*Task to complete*
In the copy of the lines below, leave out pictures and print everything else exactly.

*Input data*
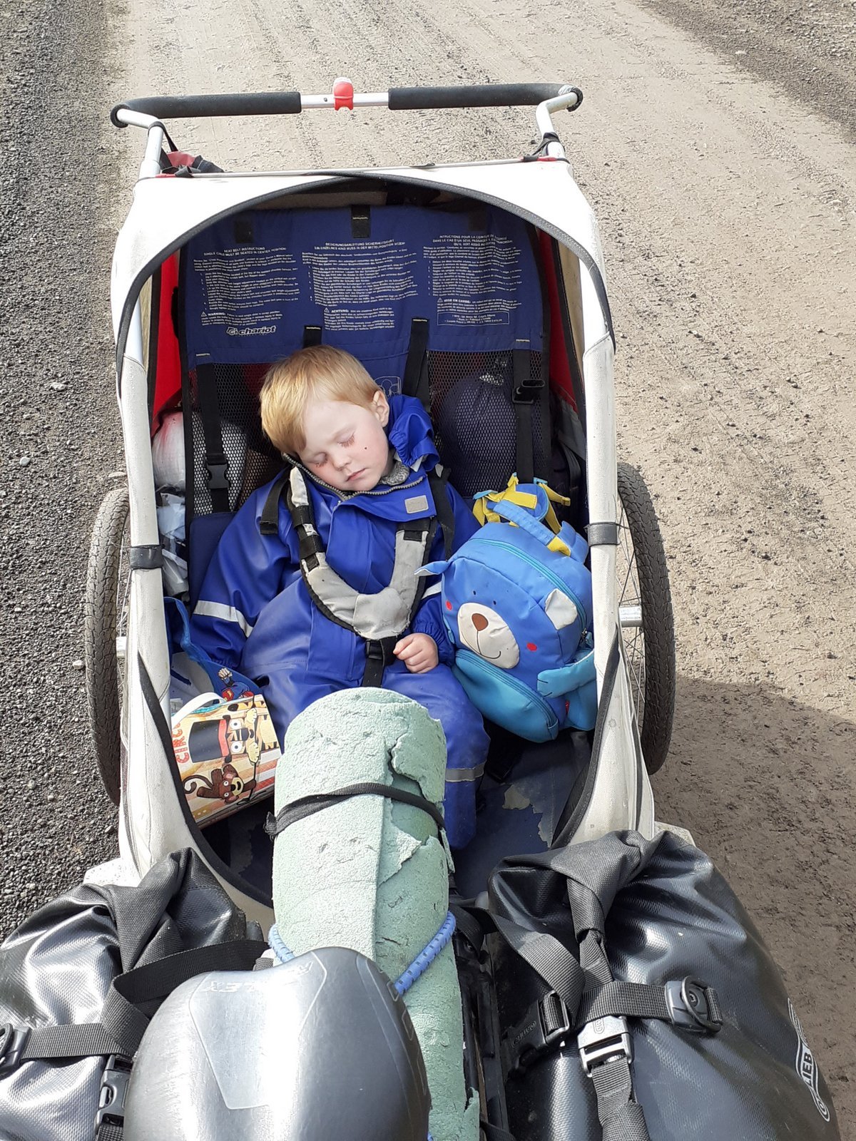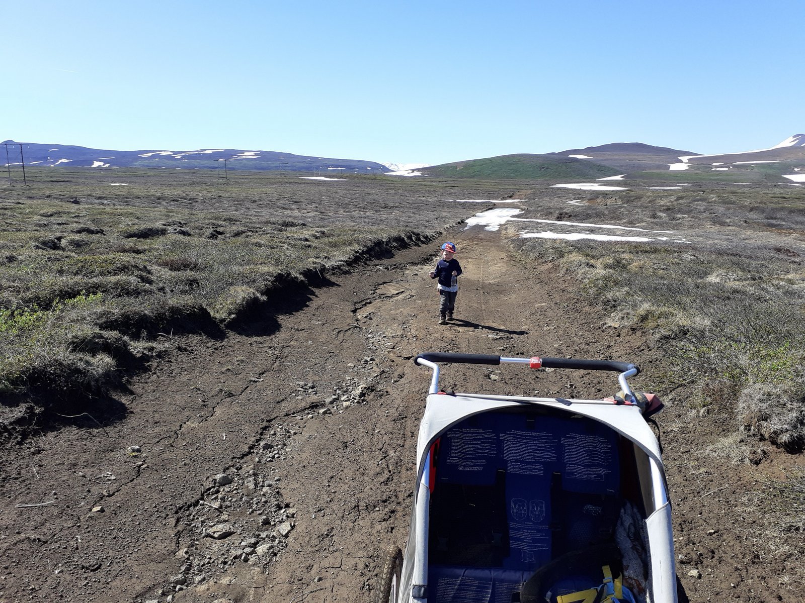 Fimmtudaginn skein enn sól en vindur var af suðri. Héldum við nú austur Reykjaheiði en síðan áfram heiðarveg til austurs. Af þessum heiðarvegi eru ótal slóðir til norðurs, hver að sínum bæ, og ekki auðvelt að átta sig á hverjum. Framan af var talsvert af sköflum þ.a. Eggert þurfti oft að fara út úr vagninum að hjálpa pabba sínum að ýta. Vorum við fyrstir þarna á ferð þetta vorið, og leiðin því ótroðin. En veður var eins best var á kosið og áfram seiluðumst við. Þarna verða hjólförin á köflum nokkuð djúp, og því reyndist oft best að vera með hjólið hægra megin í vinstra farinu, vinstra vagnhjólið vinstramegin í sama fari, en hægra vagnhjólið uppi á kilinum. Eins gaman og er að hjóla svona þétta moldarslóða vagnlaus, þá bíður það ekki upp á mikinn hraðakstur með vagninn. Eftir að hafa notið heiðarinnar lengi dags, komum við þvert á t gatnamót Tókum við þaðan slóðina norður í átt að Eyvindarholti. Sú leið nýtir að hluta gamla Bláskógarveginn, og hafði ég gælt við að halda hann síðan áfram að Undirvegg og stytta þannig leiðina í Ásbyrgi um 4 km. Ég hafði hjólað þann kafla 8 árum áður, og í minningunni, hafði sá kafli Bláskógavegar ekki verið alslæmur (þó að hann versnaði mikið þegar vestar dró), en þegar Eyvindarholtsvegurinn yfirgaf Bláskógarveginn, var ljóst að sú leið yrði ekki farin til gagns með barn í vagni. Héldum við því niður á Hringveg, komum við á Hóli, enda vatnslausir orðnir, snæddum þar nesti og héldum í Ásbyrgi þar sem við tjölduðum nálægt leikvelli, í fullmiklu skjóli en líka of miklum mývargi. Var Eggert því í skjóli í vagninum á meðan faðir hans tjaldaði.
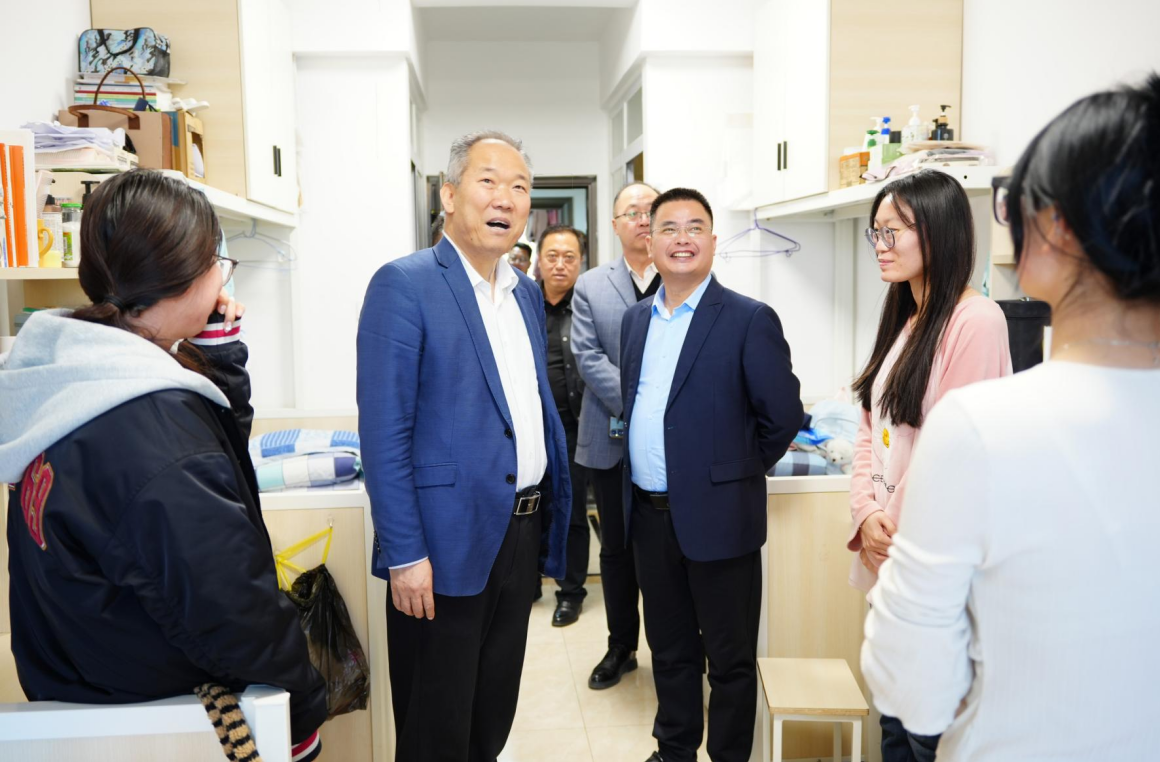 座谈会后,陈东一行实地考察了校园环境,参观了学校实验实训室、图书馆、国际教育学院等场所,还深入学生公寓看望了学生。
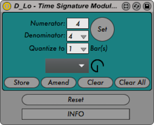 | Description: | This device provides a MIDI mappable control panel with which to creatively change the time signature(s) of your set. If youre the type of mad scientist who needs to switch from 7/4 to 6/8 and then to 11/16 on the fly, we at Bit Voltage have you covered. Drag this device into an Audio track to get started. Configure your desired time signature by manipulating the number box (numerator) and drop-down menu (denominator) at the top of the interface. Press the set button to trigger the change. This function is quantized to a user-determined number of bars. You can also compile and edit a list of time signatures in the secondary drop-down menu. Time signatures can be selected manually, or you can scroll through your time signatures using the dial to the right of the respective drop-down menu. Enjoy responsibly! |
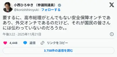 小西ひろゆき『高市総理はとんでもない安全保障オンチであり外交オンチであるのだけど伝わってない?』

*Your response*
 Fimmtudaginn skein enn sól en vindur var af suðri. Héldum við nú austur Reykjaheiði en síðan áfram heiðarveg til austurs. Af þessum heiðarvegi eru ótal slóðir til norðurs, hver að sínum bæ, og ekki auðvelt að átta sig á hverjum. Framan af var talsvert af sköflum þ.a. Eggert þurfti oft að fara út úr vagninum að hjálpa pabba sínum að ýta. Vorum við fyrstir þarna á ferð þetta vorið, og leiðin því ótroðin. En veður var eins best var á kosið og áfram seiluðumst við. Þarna verða hjólförin á köflum nokkuð djúp, og því reyndist oft best að vera með hjólið hægra megin í vinstra farinu, vinstra vagnhjólið vinstramegin í sama fari, en hægra vagnhjólið uppi á kilinum. Eins gaman og er að hjóla svona þétta moldarslóða vagnlaus, þá bíður það ekki upp á mikinn hraðakstur með vagninn. Eftir að hafa notið heiðarinnar lengi dags, komum við þvert á t gatnamót Tókum við þaðan slóðina norður í átt að Eyvindarholti. Sú leið nýtir að hluta gamla Bláskógarveginn, og hafði ég gælt við að halda hann síðan áfram að Undirvegg og stytta þannig leiðina í Ásbyrgi um 4 km. Ég hafði hjólað þann kafla 8 árum áður, og í minningunni, hafði sá kafli Bláskógavegar ekki verið alslæmur (þó að hann versnaði mikið þegar vestar dró), en þegar Eyvindarholtsvegurinn yfirgaf Bláskógarveginn, var ljóst að sú leið yrði ekki farin til gagns með barn í vagni. Héldum við því niður á Hringveg, komum við á Hóli, enda vatnslausir orðnir, snæddum þar nesti og héldum í Ásbyrgi þar sem við tjölduðum nálægt leikvelli, í fullmiklu skjóli en líka of miklum mývargi. Var Eggert því í skjóli í vagninum á meðan faðir hans tjaldaði.
 座谈会后,陈东一行实地考察了校园环境,参观了学校实验实训室、图书馆、国际教育学院等场所,还深入学生公寓看望了学生。
 | Description: | This device provides a MIDI mappable control panel with which to creatively change the time signature(s) of your set. If youre the type of mad scientist who needs to switch from 7/4 to 6/8 and then to 11/16 on the fly, we at Bit Voltage have you covered. Drag this device into an Audio track to get started. Configure your desired time signature by manipulating the number box (numerator) and drop-down menu (denominator) at the top of the interface. Press the set button to trigger the change. This function is quantized to a user-determined number of bars. You can also compile and edit a list of time signatures in the secondary drop-down menu. Time signatures can be selected manually, or you can scroll through your time signatures using the dial to the right of the respective drop-down menu. Enjoy responsibly! |
 小西ひろゆき『高市総理はとんでもない安全保障オンチであり外交オンチであるのだけど伝わってない?』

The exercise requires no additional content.